• MATERIAL PROVIDED:

○ ○ ○ ○ ○

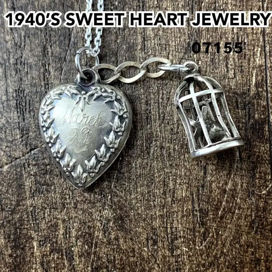 가장자리에 비둘기 발 Pigeon's foot이 그려진 하트 모티브에 새장 참이 달려 있습니다.
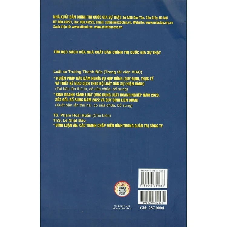 Cuốn sách Cẩm nang pháp luật ngân hàng (Nhận diện những vần đề pháp lý) của Luật sư Trương Thanh Đức, Trọng tài viên VIAC, bao gồm 5 chương, 21 mục và 139 tiểu mục, giúp độc giả nhìn thấy một bức tranh toàn cảnh pháp luật ngân hàng và những điểm nhấn về những vấn đề quan trọng, nổi bật còn tranh cãi trong lĩnh vực này.
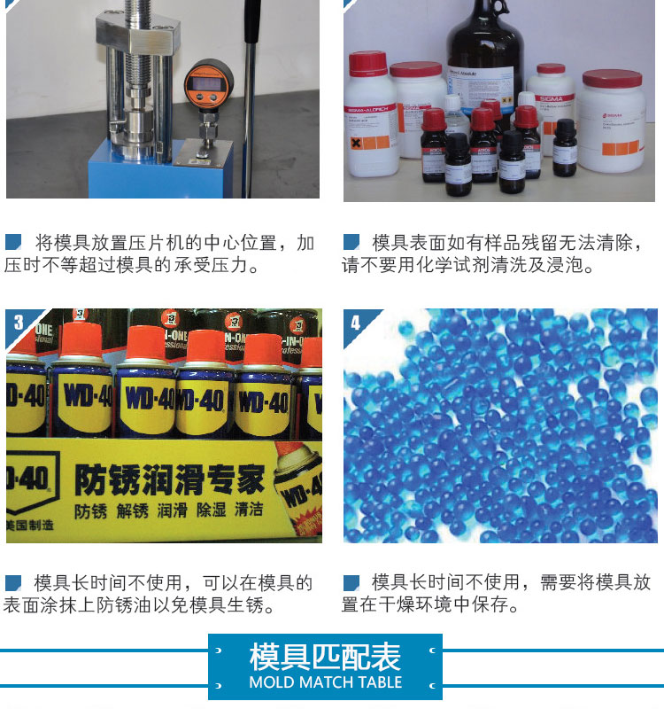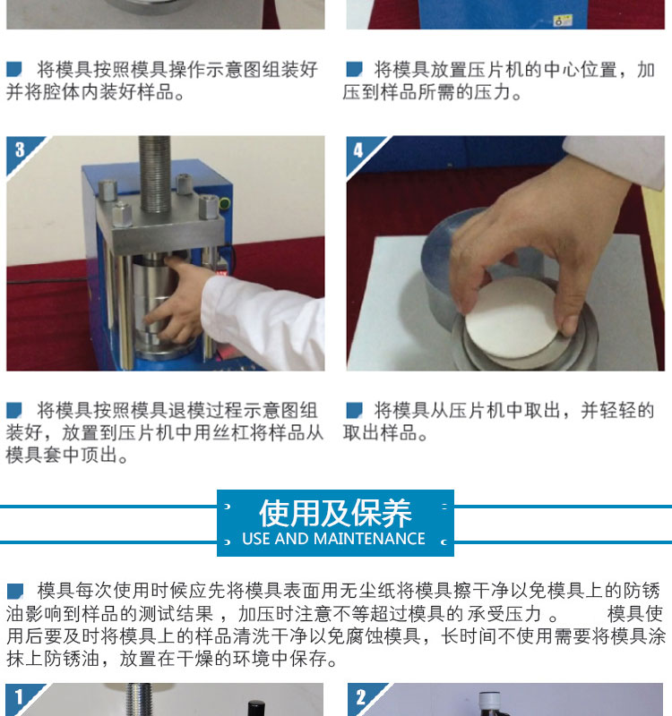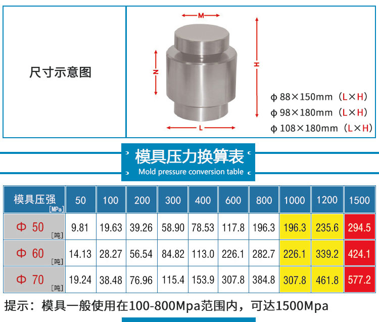 采用日本 高速工具钢 ASSAB+17,材质好,硬度高,不变形,适用于电池、陶瓷、催化、金属、材料、研发制样等行业,规格尺寸:直径3mm~160mm,可根据客户需求定制不同尺寸的压片模具。

○ ○ ○ ○ ○

• TASK STATEMENT: Repeat the listing in full and exactly. Leave any pictures out.

• ANSWER TO THIS TASK:
 가장자리에 비둘기 발 Pigeon's foot이 그려진 하트 모티브에 새장 참이 달려 있습니다.
 Cuốn sách Cẩm nang pháp luật ngân hàng (Nhận diện những vần đề pháp lý) của Luật sư Trương Thanh Đức, Trọng tài viên VIAC, bao gồm 5 chương, 21 mục và 139 tiểu mục, giúp độc giả nhìn thấy một bức tranh toàn cảnh pháp luật ngân hàng và những điểm nhấn về những vấn đề quan trọng, nổi bật còn tranh cãi trong lĩnh vực này.
 采用日本 高速工具钢 ASSAB+17,材质好,硬度高,不变形,适用于电池、陶瓷、催化、金属、材料、研发制样等行业,规格尺寸:直径3mm~160mm,可根据客户需求定制不同尺寸的压片模具。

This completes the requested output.